# New Poster Here and New Muzzleloader hunter



## mjbarney12 (Feb 13, 2011)

My brother's and I all got ourselves muzzleloaders and this fall will be our first time hunting with them. 

Given the time of year and any particulars of hunting with a muzzleloader, does anyone have any tips for us newbies?

We will most likely be hunting up around Yost, just south of the Idaho Border and north of Park Valley. The Henry Moutains I believe they are called.

We've hunted there a few times during the regular season but i'd expect that the hunting should be rather different in the muzzleloader season.

Again, any friendly tips would be greatly appreciated.


----------



## Huge29 (Sep 17, 2007)

First of all, welcome to the forum!

Secondly, welcome to the world of buckskins and smoke poles! It is a lot of fun and my favorite! I think the best way to learn a new field like this is by having a mentor. There are several small things to learn and safety being the most important, having someone who knows it saves a lot of time for you and keeps things safe. There are a few intracecies best learned hands on that are just very different from your normal rifles as far as knowing how to avoid double loading and other things that can me a major safety issue. I put in for a ML LE elk hunt in which I have pretty good odds, so if I get that I will be shooting a lot this summer; maybe we could get together once or twice to shoot. That is how I learned and really appreciated input from another person with experience. There are also lots of instructional videos available, even on Youtube to get you started and learn the basic terms and principles.

Good luck! 
What models did you all get?


----------



## mjbarney12 (Feb 13, 2011)

Thanks for the offer to get together Huge. As for the shooting, I'm feeling more and more confident about that though I do indeed plan to go out plenty this summer and practice. My bigger concern is what to expect in terms of the deer behavior given the time of year. I assume that I should expect it to be different from the rifle hunt but maybe that's not a correct assumption. 

Oh, by the way, I got the cheapest I could find so in case I didn't find it to my liking, I wouldn't have to feel too bad about the money spent. I just got a basic Traditions Tracker. My brother got a Traditions Pursuit and my other brother has a T/C but I can't remember what model it is. Both of theirs are nicer than mine but I've been hitting the targets we're shooting at better than they are so far, and better groupings lol.


----------



## Huge29 (Sep 17, 2007)

My experience has been that the muzzie is the average of the archery and any weapon (rifle) as far as deer behavior and hunting pressure. I don't know how else to explain behavior.


----------



## Bears Butt (Sep 12, 2007)

Welcome to the forum mjbarney12!
New to muzzleloading and shooting better than your peers is a great thing! Cheap (inexpensive) guns can be trained to shoot right up there with the most expensive ones in my opinion. I've been muzzy shooting for over 35 years, even before there was a muzz season in Utah. Outshot many a hunter using scoped rifles back in the day, using my kit built sidelock rifle that doesn't even have a name stamped in the barrel. I think it was made to hang on the wall, but I've taken a 4X4 and several does with it.
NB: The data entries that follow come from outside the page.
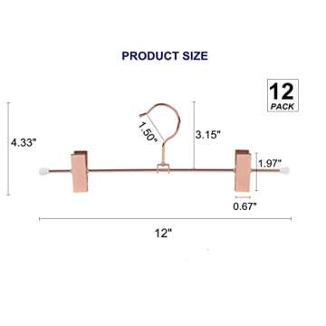 Show moreElevate your closet organization with the Amber Home 12 Pack Rose Copper Gold Metal Pants Skirt Hangers. Crafted with exquisitely plated rose gold, these hangers not only add a touch of elegance to your wardrobe but also maximize your storage space, measuring at 12 inches wide and 4.33 inches high. Each pack comes with 12 durable hangers designed to hold a variety of clothing types securely. Made with strong construction, the metal base ensures they won’t bend under the weight of heavier garments while maintaining their stunning finish.
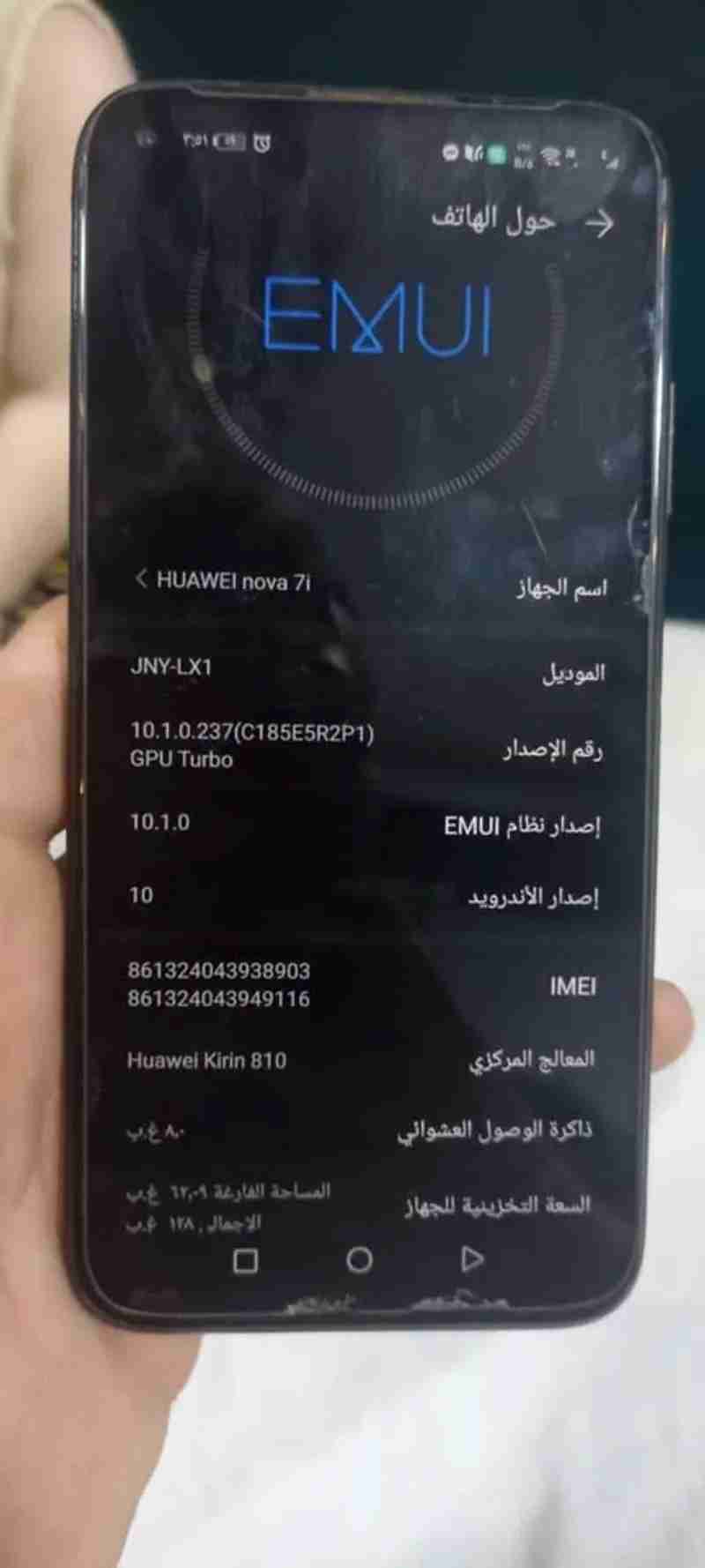 موبايل هواوى نوفا 7i الجهاز شغال بسم الله ماشاء الله بصمة طلقة الشاشة تمام والصوت تمام كانة جديد رام 8 مساحة 128 جيجا ومفيش علية ضريبة بس فاضى من غير علبة ولا شاحن هو مغير شاشة اصلية خلع يا جماعة اللى فى الصورة دة من الاسكرينة .
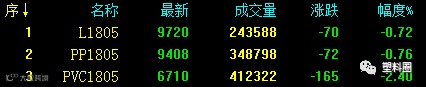 导读:今日塑料相关品种期货继续回落,LL1805、PP1805及V1805高开后震荡下行,其中LL1805收盘跌70至9720,跌幅在0.72%;PP1801跌72至9408,跌幅0.76%;V1805跌1
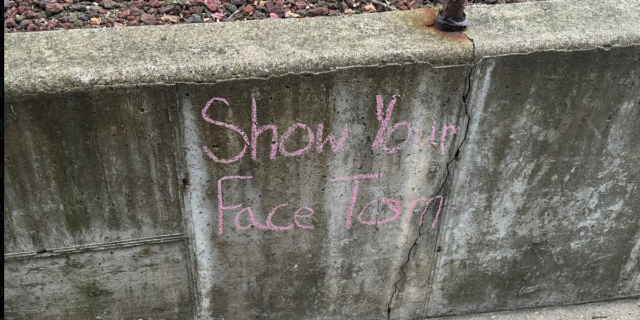 Keep reading below to see the act of vandalism that was perpetuated on Barrett’s office.
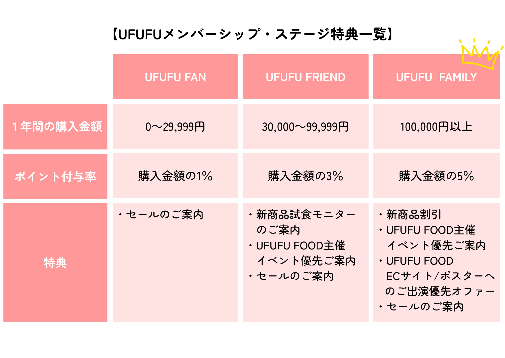 継続してご利用いただくほど、ポイント付与率が最大5%までアップするなど、よりお得にお買い物をお楽しみいただけます。各ステージの条件や特典については、下記の【UFUFUメンバーシップ・ステージ特典一覧】をご確認ください。

As to your hunting area you will be hunting either in the Grouse Creek mountains or the Sawtooth range. Both hold incredible bucks, but there is a lot of private ground to deal with. It would be best to be getting on the "permission" bandwagon soon. The very best of the muzz hunt is the time of year. Not too often will you have to deal with becoming snow bound. Sometimes it's too warm and you have to do what archers do and get that meat off the bone and into coolers as quickly as you can.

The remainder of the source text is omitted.